Exercise details.
Up to and including the line with "動画下「埋め込み用URL」をコピーして、埋め込みたい箇所へ設定してください。", restate every line of the records below word for word, from the first line on, leaving out the pictures.

Information supplied.
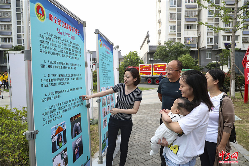 2020年7月15日,江苏淮安,人民防空工作人员向居民宣传防空知识。赵启瑞/视觉中国
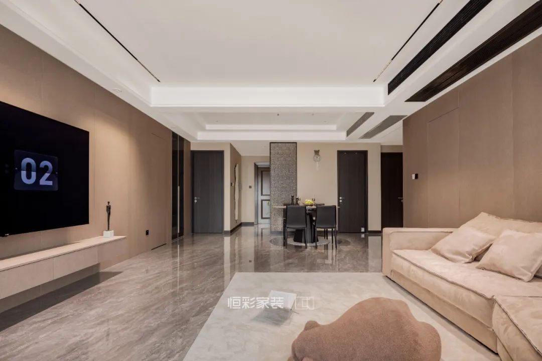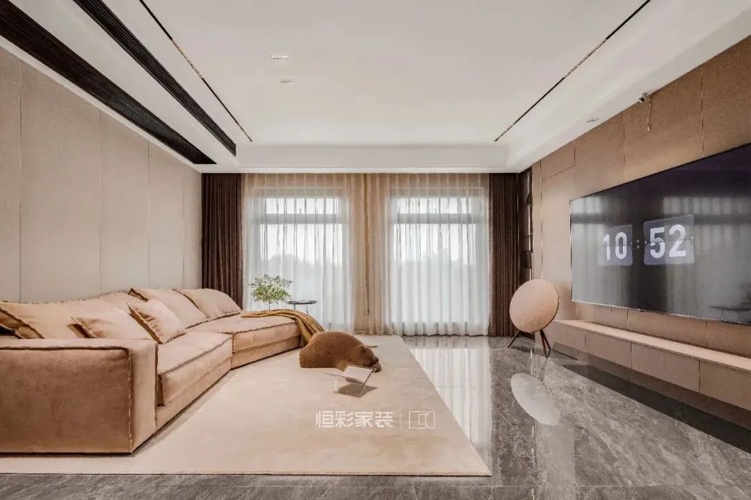 客厅顶面大面积留白,避免压抑,打造现代家居的平整、简约感。
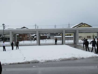 前庭で無邪気に雪合戦中です。このようなひとときが幸せですね。
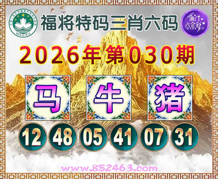 030期: 👛『福将特码』 👛三肖六码👛【马猪】开:牛41
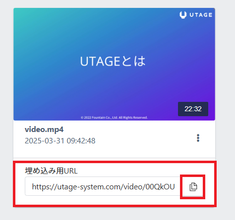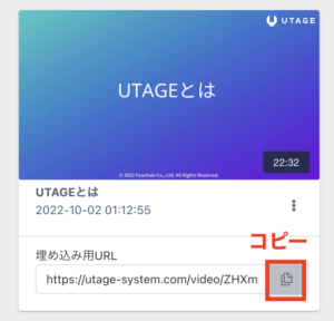 動画下「埋め込み用URL」をコピーして、埋め込みたい箇所へ設定してください。
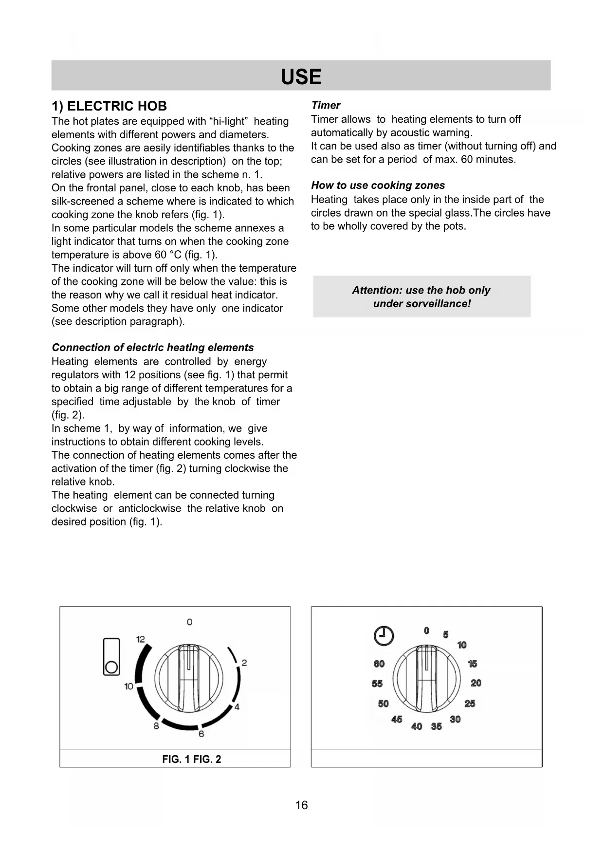 The hot plates are equipped with “hi-light” heating elements with different powers and diameters. Cooking zones are aesily identifiables thanks to the circles (see illustration in description) on the top; relative powers are listed in the scheme n. 1. On the frontal panel, close to each knob, has been silk-screened a scheme where is indicated to which cooking zone the knob refers (fig. 1). In some particular models the scheme annexes a light indicator that turns on when the cooking zone temperature is above 60 °C (fig. 1). The indicator will turn off only when the temperature of the cooking zone will be below the value: this is the reason why we call it residual heat indicator. Some other models they have only one indicator (see description paragraph). Connection of electric heating elements Heating elements are controlled by energy regulators with 12 positions (see fig. 1) that permit to obtain a big range of different temperatures for a specified time adjustable by the knob of timer (fig. 2). In scheme 1, by way of information, we give instructions to obtain different cooking levels. The connection of heating elements comes after the activation of the timer (fig. 2) turning clockwise the relative knob. The heating element can be connected turning clockwise or anticlockwise the relative knob on desired position (fig. 1). Timer Timer allows to heating elements to turn off automatically by acoustic warning. It can be used also as timer (without turning off) and can be set for a period of max. 60 minutes. How to use cooking zones Heating takes place only in the inside part of the circles drawn on the special glass.The circles have to be wholly covered by the pots. Attention: use the hob only under sorveillance! FIG. 1 FIG. 217 USE SCHEME 1 1 145 “hi-light” 1200 1 2 180 “hi-light” 1800 1 - 4
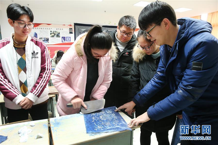 12月27日,学生们在蓝印花布课堂上体验“刮灰”。 当日,江苏南通开放大学“非遗进课堂 文化有传承”素质教育工程正式启动,沈绣、蓝印花布、板鹞风筝、棕编、剪纸、红木雕刻等7个非遗项目传承人走进课堂,让学生零距离感受非遗的魅力。 新华社发(许丛军 摄)
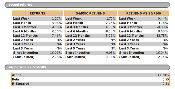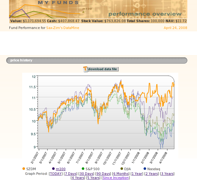 My Marketocracy SZDM portfolio is now almost at an all time high. I just got my first ever 3 green stars (1 year, 6 months, 3 months in the top 25%) thanks to the recent good calls on the imminent drop and what looked like a bottom in January (I was a bit early there). Moreover, the chart shows SZDM is now well above the m100 (best 100 portfolios on Marketocracy) average for the past year and since inception.
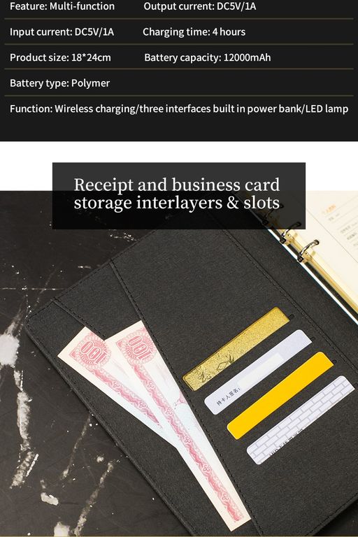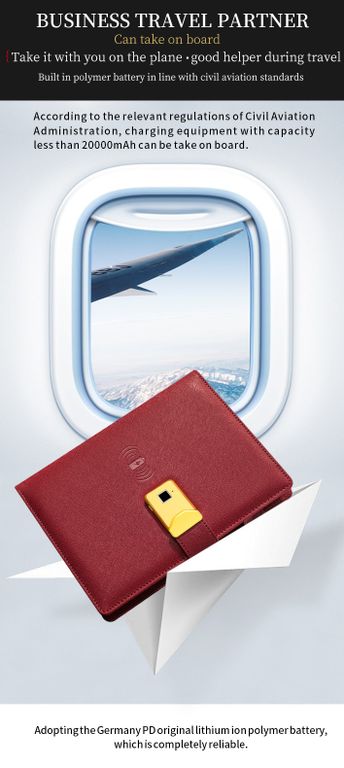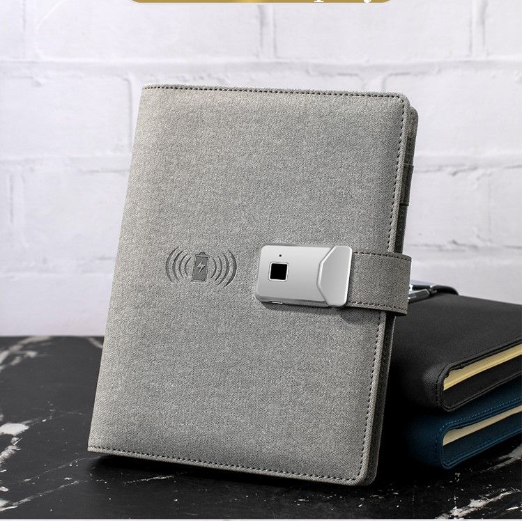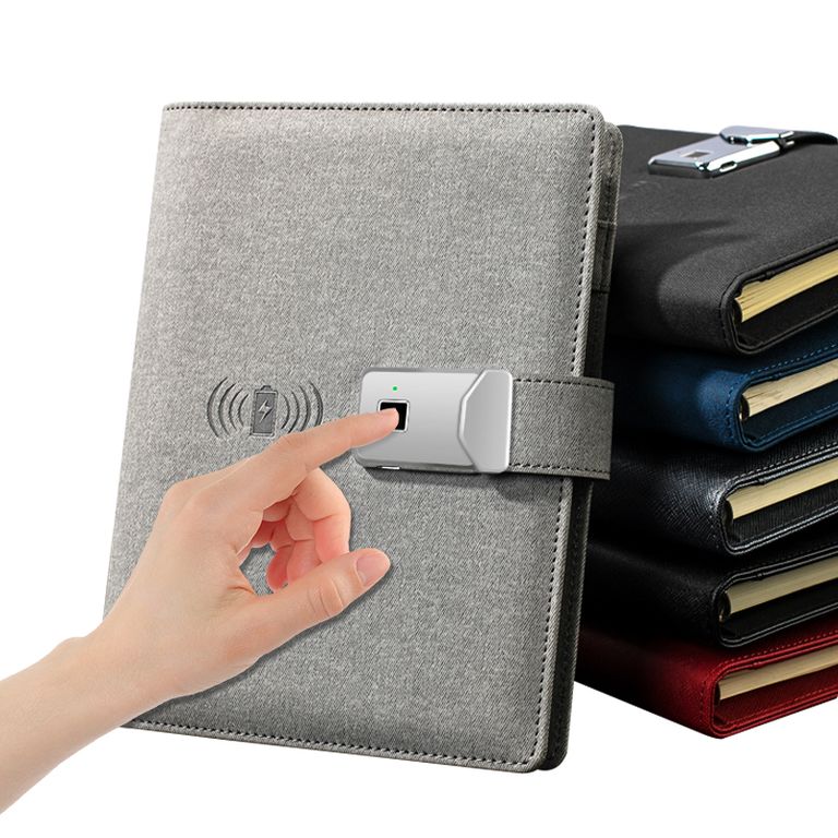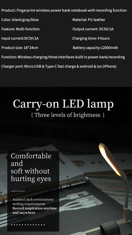 Ежедневник с отпечатком пальца, power bank, беспроводной и проводной зарядкой, лампой в подарочной упаковке -- идеальный подарок для делового человека, т.к. это незаменимый аксессуар при существующем темпе жизни.С помощью этого ежедневника Вы сможете зарядить смартфон или другие девайсы от встроенного powerbank, мощностью 12000 mAh. Сможете открывать замок ежедневника при помощи своего отпечатка пальца ( при необходимости - еще 2 человек). Иметь возможность работать при плохом освещении, используя встроенную лампу.

Answer to this task.
 2020年7月15日,江苏淮安,人民防空工作人员向居民宣传防空知识。赵启瑞/视觉中国
 客厅顶面大面积留白,避免压抑,打造现代家居的平整、简约感。
 前庭で無邪気に雪合戦中です。このようなひとときが幸せですね。
 030期: 👛『福将特码』 👛三肖六码👛【马猪】开:牛41
 動画下「埋め込み用URL」をコピーして、埋め込みたい箇所へ設定してください。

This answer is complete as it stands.